# TASK OBJECTIVE
Copy out every line of the data exactly; do not include the images.

# MATERIAL PROVIDED
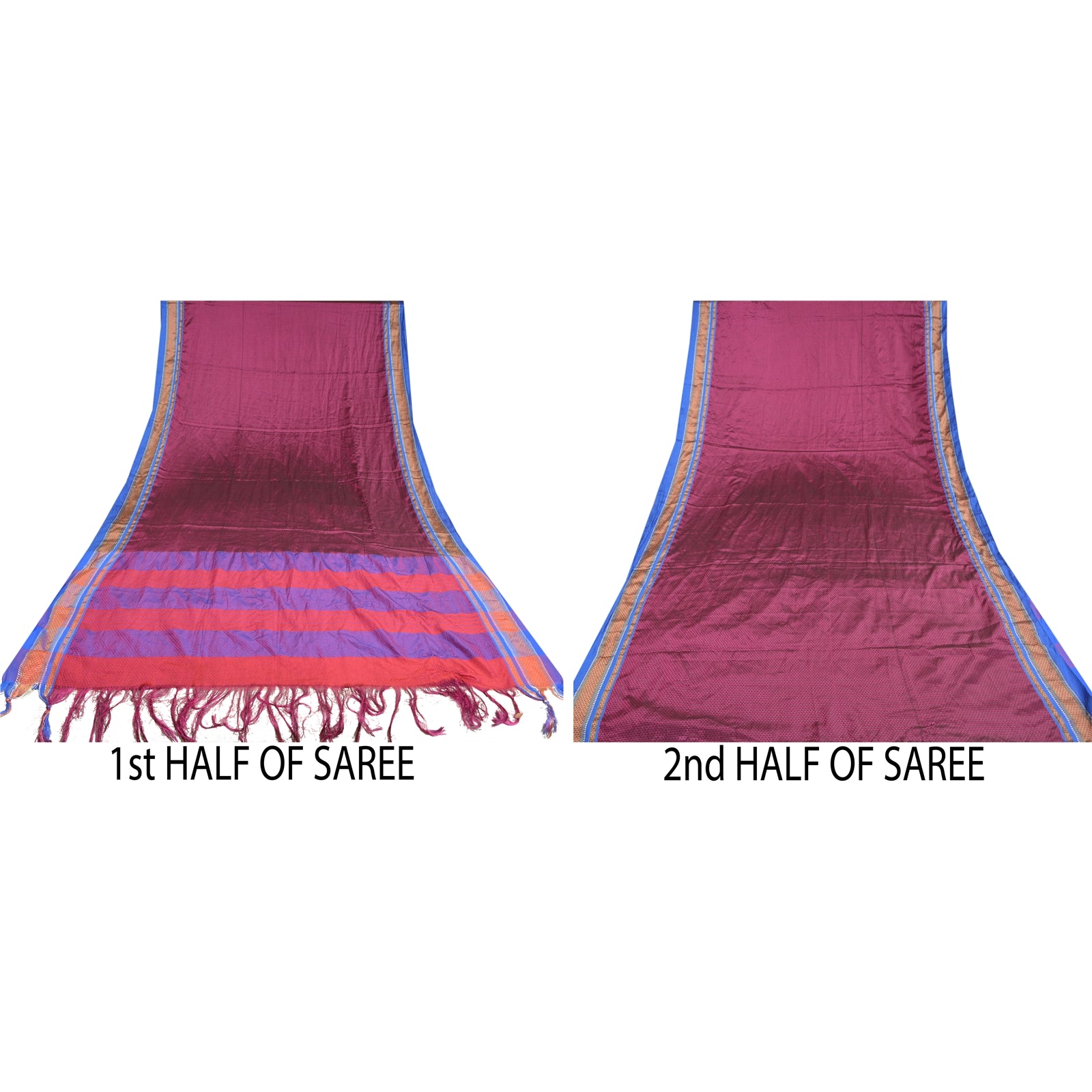 'THE ITEM COLOR OR SHADE MAY BE DARKER OR LIGHTER THAN THE PICTURE.' Beautiful purple & blue colored art (artificial) silk woven sari. Pallu & border has woven thread work with zig- zag design. You can see matching fringes on pallu. The center of the saree has woven thread work. This saree can be used for various crafting ideas too. Use it for dress designing, as a throw, as window dressing, upholstery, table linen and much more. Let your creative juices flow. 'International buyers please note: Import duties, taxes, and charges are not included in the item price or postage cost. These charges are the buyer's responsibility. Please check with your country's customs office to determine what these additional costs will be prior to bidding or buying. Buyer will pay custom duty/tax. It is calculated and charged differently by every country. As a seller I do not have any control over it. VAT or sales tax is calculated by the platform at the time of checkout. Customs charge is payable at the time of delivery.'
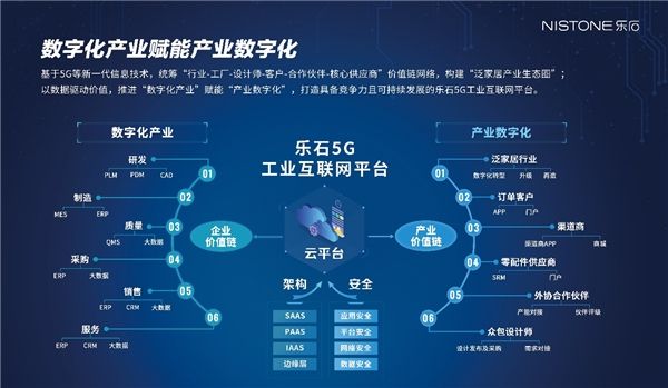 本次重点展示的 “乐石5G工业互联网平台”,是具备5G技术、云网结合、安全运维优势以及乐石在制造领域深耕多年的行业经验,以数据驱动价值,通过实现人、机、物的全面互联,构建一个全要素、全产业链连接的新型生产制造和服务体系,赋能产业数字化发展,降本提质增效。
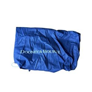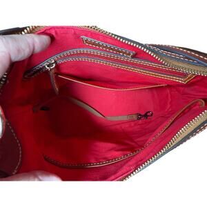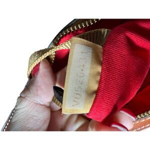Adjustable leather strap with buckle detail, exterior back zip pocket, and top zip closure. Interior is lined in signature bright red fabric with multiple pockets, key leash, and Dooney & Bourke leather tag. Includes original Dooney dust bag.

# RESULT
 'THE ITEM COLOR OR SHADE MAY BE DARKER OR LIGHTER THAN THE PICTURE.' Beautiful purple & blue colored art (artificial) silk woven sari. Pallu & border has woven thread work with zig- zag design. You can see matching fringes on pallu. The center of the saree has woven thread work. This saree can be used for various crafting ideas too. Use it for dress designing, as a throw, as window dressing, upholstery, table linen and much more. Let your creative juices flow. 'International buyers please note: Import duties, taxes, and charges are not included in the item price or postage cost. These charges are the buyer's responsibility. Please check with your country's customs office to determine what these additional costs will be prior to bidding or buying. Buyer will pay custom duty/tax. It is calculated and charged differently by every country. As a seller I do not have any control over it. VAT or sales tax is calculated by the platform at the time of checkout. Customs charge is payable at the time of delivery.'
 本次重点展示的 “乐石5G工业互联网平台”,是具备5G技术、云网结合、安全运维优势以及乐石在制造领域深耕多年的行业经验,以数据驱动价值,通过实现人、机、物的全面互联,构建一个全要素、全产业链连接的新型生产制造和服务体系,赋能产业数字化发展,降本提质增效。
Adjustable leather strap with buckle detail, exterior back zip pocket, and top zip closure. Interior is lined in signature bright red fabric with multiple pockets, key leash, and Dooney & Bourke leather tag. Includes original Dooney dust bag.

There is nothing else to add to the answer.